I never asked for seconds again.

cookiecrumb said...

Oh, god, Beccy. That's positively Dickensian.
On the other hand, that might explain why Sam is so cheeky!

Anonymous said...

I did the post tonight! It's interesting to see all the DIFFERENT memories people have.

Anonymous said...

I swear to this day they used to give us raw potato in ketchup, just to mess with our young fragile minds. But the rubbery orange sponge was to die for...

Anonymous said...

Ah cookie there are so many stories I could tell you about Sam and food, she's still a constant surprise when I hear about what she eats now. I think she must have gone through some kind of tastebud transplant when she moved to the US

cookiecrumb said...

Claire: That was really cute.
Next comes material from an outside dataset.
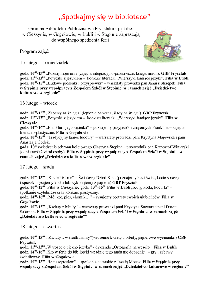 „Spotkajmy się w bibliotece” Gminna Biblioteka Publiczna we Frysztaku i jej filie w Cieszynie, w Gogołowie, w Lubli i w Stępinie zapraszają do wspólnego spędzenia ferii Program zajęć: 15 lutego – poniedziałek godz. 1000-1300 „Poznaj moje imię (zajęcia integracyjno-poznawcze, księga imion). GBP Frysztak godz. 1100-1300 „Potyczki z językiem – konkurs literacki „Wierszyki łamiące języki”. Filia w Lubli godz. 1000-1300 „Ludowe piosenki i przyśpiewki” – warsztaty prowadzi pan Janusz Strzępek. Filia w Stępinie przy współpracy z Zespołem Szkół w Stępinie w ramach zajęć „Dziedzictwo kulturowe w regionie” 16 lutego – wtorek godz. 1000-1300 „Zabawy na śniegu” (lepienie bałwana, ślady na śniegu). GBP Frysztak godz. 1100-1300 „Potyczki z językiem – konkurs literacki „Wierszyki łamiące języki”. Filia w Cieszynie godz. 1400-1600 „Franklin i jego sąsiedzi” – poznajemy przyjaciół i znajomych Franklina – zajęcia literacko-plastyczne. Filia w Gogołowie godz. 1000-1300 ”Tradycyjny taniec ludowy” – warsztaty prowadzi pani Krystyna Majewska i pani Anastazja Godek. godz. 1000 zwiedzanie schronu kolejowego Cieszyna-Stępina – przewodnik pan Krzysztof Winiarski (odpłatność 2 zł od osoby). Filia w Stępinie przy współpracy z Zespołem Szkół w Stępinie w ramach zajęć „Dziedzictwo kulturowe w regionie” 17 lutego – środa godz. 1000-1300 „Kocie historie” – Światowy Dzień Kota (poznajemy koci świat, kocie sprawy i sprawki, rysujemy kotka lub wykonujemy z papieru) GBP Frysztak godz. 1000-1200 Filia w Cieszynie, godz. 1300-1500 Filia w Lubli „Koty, kotki, kocurki” – spotkanie czytelnicze oraz konkurs plastyczny. godz. 1400-1600 „Mój kot, pies, chomik…” – rysujemy portrety swoich ulubieńców. Filia w Gogołowie godz. 1000-1300 „Kwiaty z bibuły” – warsztaty prowadzi pani Krystyna Stawarz i pani Dorota Salamon. Filia w Stępinie przy współpracy z Zespołem Szkół w Stępinie w ramach zajęć „Dziedzictwo kulturowe w regionie”” 18 lutego – czwartek godz. 1000-1300 „Kwiaty... w środku zimy”(wiosenne kwiaty z bibuły, papierowe wycinanki.) GBP Frysztak godz. 1100-1300 „W trosce o piękno języka” - dyktando „Ortografia na wesoło”. Filia w Lubli godz. 1400-1600 „Kto w ferie do biblioteki wpadnie tego nuda nie dopadnie” – gry i zabawy świetlicowe. Filia w Gogołowie godz. 1000-1300 „Bo tu wyrosłem” – spotkanie autorskie z Józefą Mocek. Filia w Stępinie przy współpracy z Zespołem Szkół w Stępinie w ramach zajęć „Dziedzictwo kulturowe w regionie” 19 lutego – piątek godz. 1000-1300 „Poranek muzyczny – posłuchaj kolego” (zapraszamy do udziału dzieci grające na instrumentach). GBP Frysztak godz. 1100-1300 „W trosce o piękno języka” – dyktando „Ortografia na wesoło”. Filia w Cieszynie godz. 1400-1600 „Bibułkowy kwiat upominkiem dla każdej pani” – papierowe wycinanki. Filia w Gogołowie 22 lutego – poniedziałek godz. 1000-1300 „Wierszyki łamiące języki” – Międzynarodowy Dzień Języka Ojczystego (konkursy językowe, dyktando). GBP Frysztak godz. 1100-1300 „Muzyka łagodzi obyczaje” – spotkanie czytelnicze oraz konkurs kaligrafii „Mam talent”. Filia w Lubli godz. 1000-1300 „Historyczna przynależność do regionu – miejscowy strój ludowy – warsztaty prowadzi pani Joanna Dziok. Filia w Stępinie przy współpracy z Zespołem Szkół w Stępinie w ramach zajęć „Dziedzictwo kulturowe w regionie” 23 lutego – wtorek godz. 1000-1300 „Świat w kawałkach” (układanie puzzli, gry i zabawy stolikowe). GBP Frysztak godz. 1100-1300 „Muzyka łagodzi obyczaje” – spotkanie czytelnicze oraz konkurs kaligrafii „Mam talent”. Filia w Cieszynie godz. 1400-1600 „Zgadnij z jakiej bajki jest ta ilustracja” – wesołe malowanie, rozwiązywanie krzyżówek literackich i rebusów. Filia w Gogołowie godz. 1000-1300 „Wyroby ze słomy” – warsztaty prowadzi pani Adela Papuga. godz. 1000 zwiedzanie schronu kolejowego Cieszyna-Stępina – przewodnik pan Krzysztof Winiarski (odpłatność 2 zł od osoby). Filia w Stępinie przy współpracy z Zespołem Szkół w Stępinie w ramach zajęć „Dziedzictwo kulturowe w regionie” 24 lutego – środa godz. 1000-1300 „Ja i mój instrument – poranek muzyczny”. GBP Frysztak godz. 1000-1200 „Mistrz rakietki” - turniej tenisa stołowego. Filia w Cieszynie godz. 1300-1500 „Zgadywanki, układanki” – quizy i zagadki literackie, łamigłówki, rebusy, krzyżówki. Filia w Lubli godz. 1400-1600 „Franklin mówi Kocham Cię” – konkurs na „Najładniejszą Pocztówkę z Ferii . Filia w Gogołowie godz. 1000-1300 „Filemon kontra Reksio – czyli psy i koty w książkach” - czytanie historyjek, zajęcia plastyczne – zwierzaki z makulatury. Filia w Stępinie 25 lutego – czwartek godz. 1000-1300 „Śnieżne pejzaże – zajęcia plastyczne na sztalugach. GBP Frysztak godz. 1100-1300 „Czym skorupka za młodu ...”podsumowanie zajęć, wręczenie nagród i upominków. Filia w Lubli godz. 1400-1600 „Zima za oknem – śniegowe oczarowanie” – ziarnkowe układanki – zajęcia literacko-plastyczne. Filia w Gogołowie godz. 1000-1300 „Zimowe szaleństwo – zabawy na śniegu, „Ferie moich marzeń” - tworzymy książeczki, podsumowanie zajęć, wręczenie nagród i upominków. Filia w Stępinie 26 lutego – piątek godz. 1000-1300 „Z książką weselej” (gry i zabawy literackie, podsumowanie zajęć, wręczenie nagród i upominków) GBP Frysztak godz. 1100-1300 „Czym skorupka za młodu...” – podsumowanie zajęć, wręczenie nagród i upominków. Filia w Cieszynie godz. 1400-1600 „Wilka się nie boję, śpiącą królewnę narysuję, kota w butach pomaluję” – konkurs czytelniczy, podsumowanie zajęć, wręczenie nagród i upominków. Filia w Gogołowie

You are clearly closer to your school-days memories than I am, although you did trigger a few more in me.

Monkey Gland: Please tell me a sponge is "food," and not something they wiped your cafeteria tables with.

Beccy: Well, I know about the raisins. As for the rest, maybe we'd better let the patient (I mean taster) come to terms publicly on her own.

Anonymous said...

What horrible memories you've brought back! I'm pretty sure school lunch had something to do with my severe school phobia.

The hamburgers were the worst. I'd smell them in the hall and get nauseous. The big fluffy rolls were good, though, and I secretly loved the red beans and rice. Secretly, since I didn't want the other kids to laugh at me for liking beans.

I also think my lifelong hatred for milk began when I had to drink warm milk. The teacher on duty would shake the carton to make sure we'd drank all of it. Yuck!

cookiecrumb said...

KathyF: ohgod, the hamburgers, I'd forgotten. With the bun steam-glued onto the gray, sour "meat."
("Why don't the kids like the hamburgers? I thought kids *liked* hamburgers!") Urp.

Anonymous said...

I was always so jealous of the kids that bought lunch. Gross as it probably was, it seemed better than what was in my old milk-stinkin' lunchbox.

Guess I was pouting for no reason!

Stacie said...

eeek! what a story! gotta share my school lunch horror story... mix everything on the tray into one glob, drop a spoonful into your milk carton and dare friends to drink... ewwww!